You complain that you don't have enough free time and when you have free time--you get angry about it.
Some Things We Wait For Aren't Really Necessary
Principle #4--Patience is a Virtue
My sense is if you develop one virtue--patience would be the one you most definitely want to develop.
“Patience is bitter, but its fruit is sweet.”
A waiting person is a patient person. The word patience means the willingness to stay where we are and live the situation out to the full in the belief that something hidden there will manifest itself to us.”
― Henri J.M. Nouwen
“There's no advantage to hurrying through life." -Shikamaru Nara”
― Masashi Kishimoto
“Patience is not passive waiting. Patience is active acceptance of the process required to attain your goals and dreams.”
― Ray Davis
Patient Versus Impatient--a Comparison
Water or tea
Coffee, energy drinks or cigarettes
Based in reality
Lack of self awareness
You Can Find Peace While You Wait
Principle #5--Mindful Awareness or Just Happy to be Here
Perhaps the most important aspect of a good wait is mindful awareness.
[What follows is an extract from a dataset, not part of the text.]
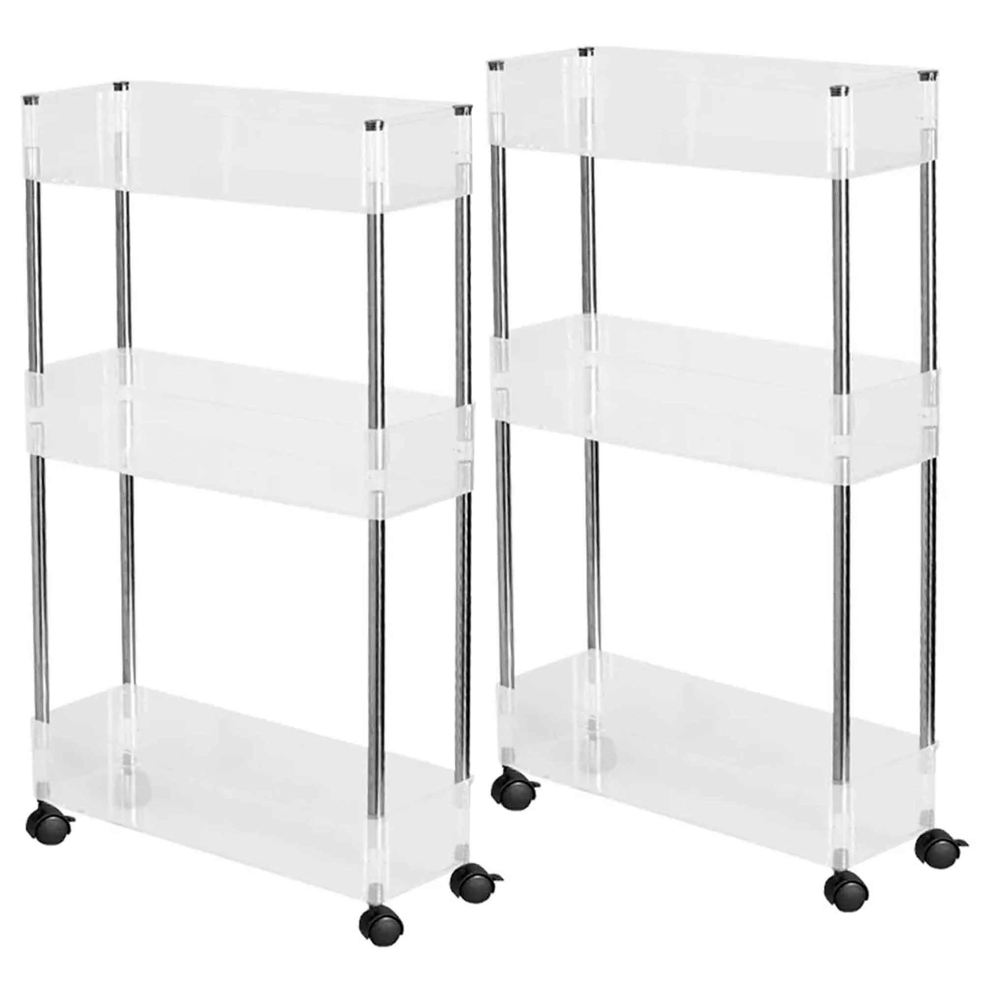 Kit 2 Carrinho Premium Triplo Em Acrílico 82x43x14 Cm Transparente

Mindfulness is the intentional, accepting and non-judgmental focus of one's attention on the emotions, thoughts and sensations occurring in the present moment.
Mindfulness is being in the present moment and being aware of yourself in that space and time.
Mindfulness is accepting where you are in the present moment and making the best of it.
Mindfulness is being aware of your responsibility for being in a particular moment; you chose to be there so it is where you want to be.
Being mindful is to wait with gratitude and love and that it is an opportunity rather than an inconvenience in your life.
In a mindful wait, you will be happy that you are alive and not dead; you will be happy that you are in the waiting room instead of in a car accident; you will be happy that you are in a doctor's waiting room instead of in an ICU; you will be happy that you have health insurance rather than not being able to afford seeing the doctor. You will be mindful that you are a very lucky person.